__What is needed__. In the entries that follow, find the line containing "仪式开始,与会人员一同欣赏了" and the line containing "Introduce a beautifully", then copy exactly everything from the first through the second except the pictures.

__Material shown__.
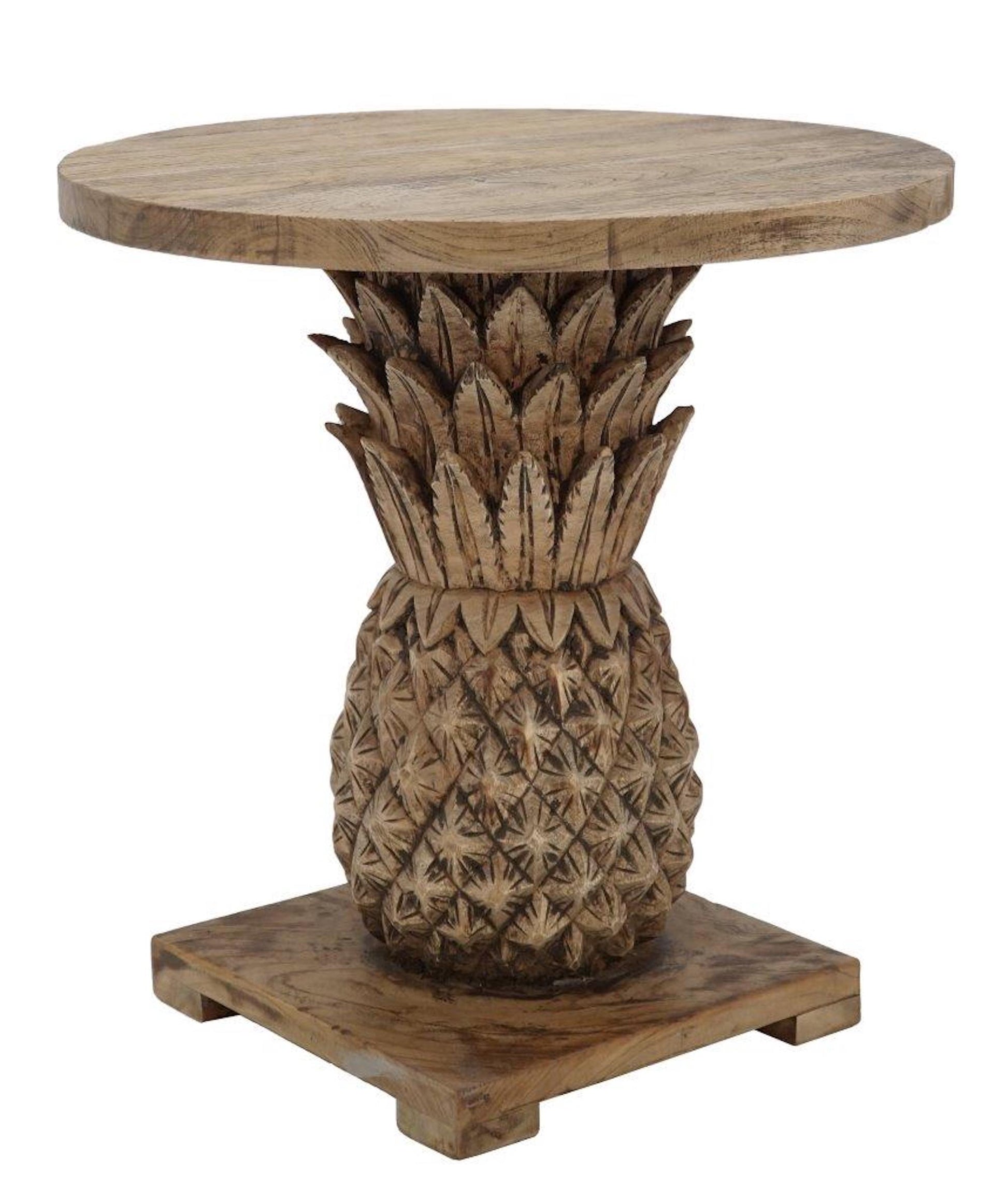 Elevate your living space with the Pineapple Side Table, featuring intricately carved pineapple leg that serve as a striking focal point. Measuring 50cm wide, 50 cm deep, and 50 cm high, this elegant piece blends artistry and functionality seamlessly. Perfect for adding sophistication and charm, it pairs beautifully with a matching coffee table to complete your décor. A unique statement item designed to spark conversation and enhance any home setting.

--

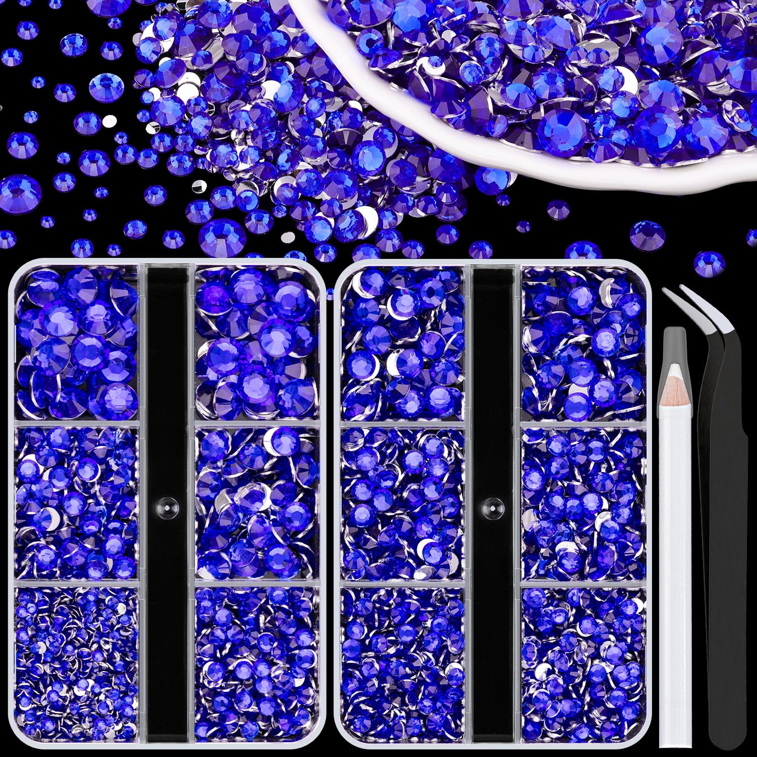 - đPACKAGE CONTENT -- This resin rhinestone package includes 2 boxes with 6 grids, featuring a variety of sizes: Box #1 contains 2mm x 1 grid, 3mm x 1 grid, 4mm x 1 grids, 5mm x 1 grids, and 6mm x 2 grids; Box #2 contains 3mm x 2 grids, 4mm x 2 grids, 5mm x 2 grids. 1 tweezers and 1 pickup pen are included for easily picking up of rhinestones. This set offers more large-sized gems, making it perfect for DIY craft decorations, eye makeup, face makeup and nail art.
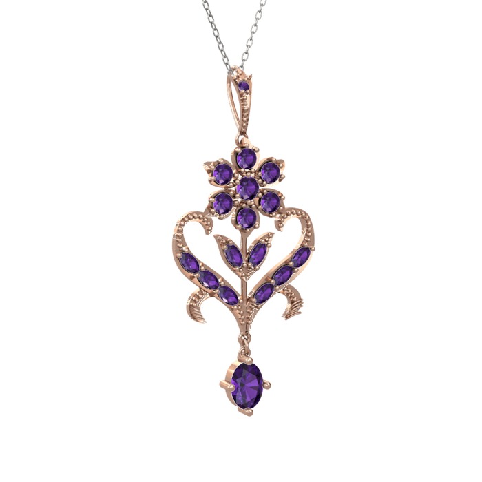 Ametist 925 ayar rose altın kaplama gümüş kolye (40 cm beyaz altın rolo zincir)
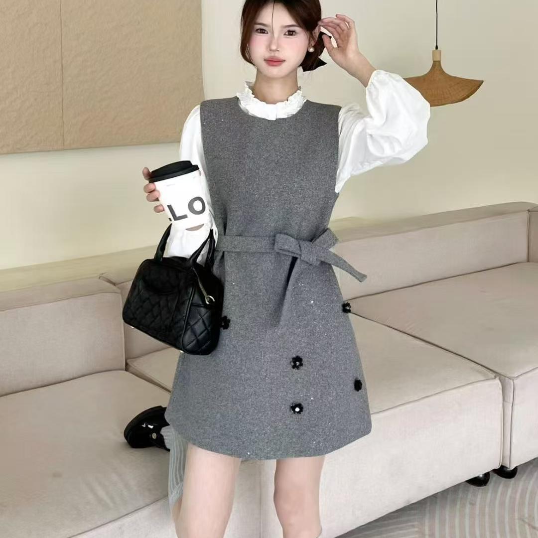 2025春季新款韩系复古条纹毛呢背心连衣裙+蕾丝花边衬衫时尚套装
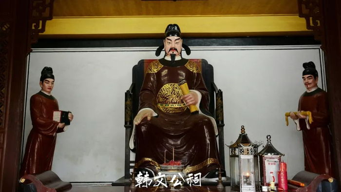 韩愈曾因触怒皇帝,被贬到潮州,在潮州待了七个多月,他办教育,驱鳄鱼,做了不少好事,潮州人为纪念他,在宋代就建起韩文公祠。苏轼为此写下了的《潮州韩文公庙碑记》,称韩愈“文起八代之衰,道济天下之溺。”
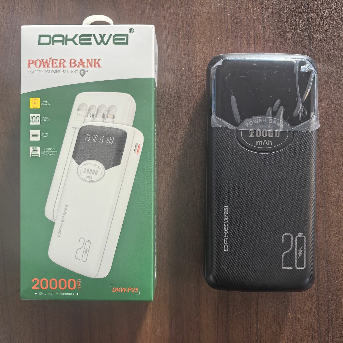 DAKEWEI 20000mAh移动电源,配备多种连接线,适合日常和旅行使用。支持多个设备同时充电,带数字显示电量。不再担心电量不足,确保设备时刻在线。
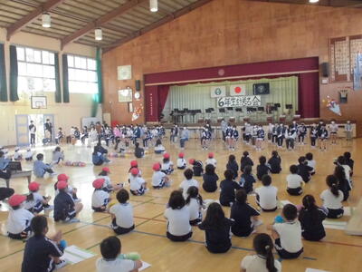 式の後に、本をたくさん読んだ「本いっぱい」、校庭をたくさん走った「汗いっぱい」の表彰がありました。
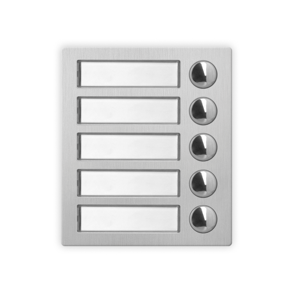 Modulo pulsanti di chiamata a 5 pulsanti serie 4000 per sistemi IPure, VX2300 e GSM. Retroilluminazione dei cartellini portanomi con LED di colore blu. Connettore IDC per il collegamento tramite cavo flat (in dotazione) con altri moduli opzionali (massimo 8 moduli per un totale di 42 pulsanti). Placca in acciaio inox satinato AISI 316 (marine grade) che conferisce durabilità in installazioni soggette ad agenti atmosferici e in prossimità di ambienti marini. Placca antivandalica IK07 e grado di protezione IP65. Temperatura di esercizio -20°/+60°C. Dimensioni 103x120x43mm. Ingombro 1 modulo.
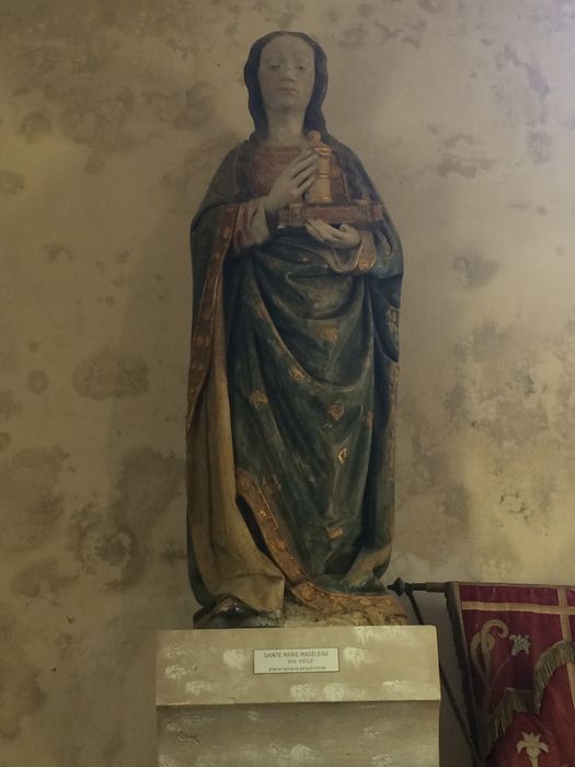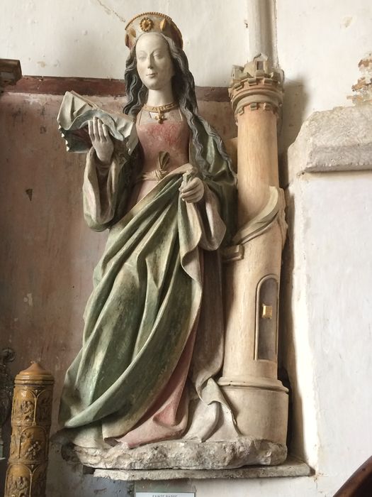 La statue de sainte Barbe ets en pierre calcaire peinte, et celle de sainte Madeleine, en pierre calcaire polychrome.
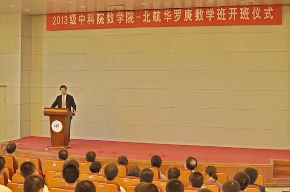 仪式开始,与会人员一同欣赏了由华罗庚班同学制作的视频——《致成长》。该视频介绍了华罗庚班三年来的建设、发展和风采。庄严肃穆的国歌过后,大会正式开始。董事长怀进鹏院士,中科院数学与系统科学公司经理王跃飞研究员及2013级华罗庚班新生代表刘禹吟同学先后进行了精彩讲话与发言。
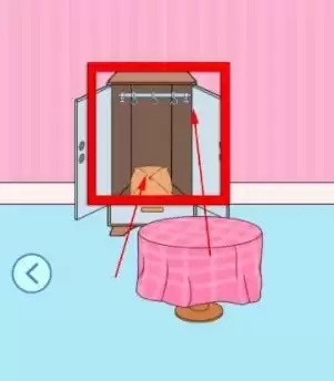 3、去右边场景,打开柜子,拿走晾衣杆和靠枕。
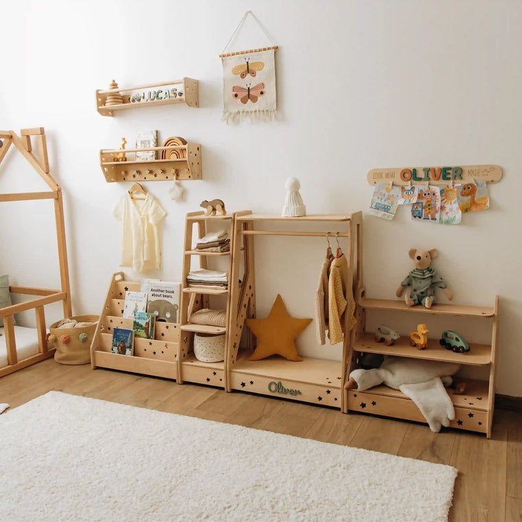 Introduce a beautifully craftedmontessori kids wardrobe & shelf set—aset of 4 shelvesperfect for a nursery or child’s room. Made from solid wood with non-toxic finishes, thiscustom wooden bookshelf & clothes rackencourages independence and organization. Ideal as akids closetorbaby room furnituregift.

--

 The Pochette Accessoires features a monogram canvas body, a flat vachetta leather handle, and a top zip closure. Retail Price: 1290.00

__Task solution__.
 仪式开始,与会人员一同欣赏了由华罗庚班同学制作的视频——《致成长》。该视频介绍了华罗庚班三年来的建设、发展和风采。庄严肃穆的国歌过后,大会正式开始。董事长怀进鹏院士,中科院数学与系统科学公司经理王跃飞研究员及2013级华罗庚班新生代表刘禹吟同学先后进行了精彩讲话与发言。
 3、去右边场景,打开柜子,拿走晾衣杆和靠枕。
 Introduce a beautifully craftedmontessori kids wardrobe & shelf set—aset of 4 shelvesperfect for a nursery or child’s room. Made from solid wood with non-toxic finishes, thiscustom wooden bookshelf & clothes rackencourages independence and organization. Ideal as akids closetorbaby room furnituregift.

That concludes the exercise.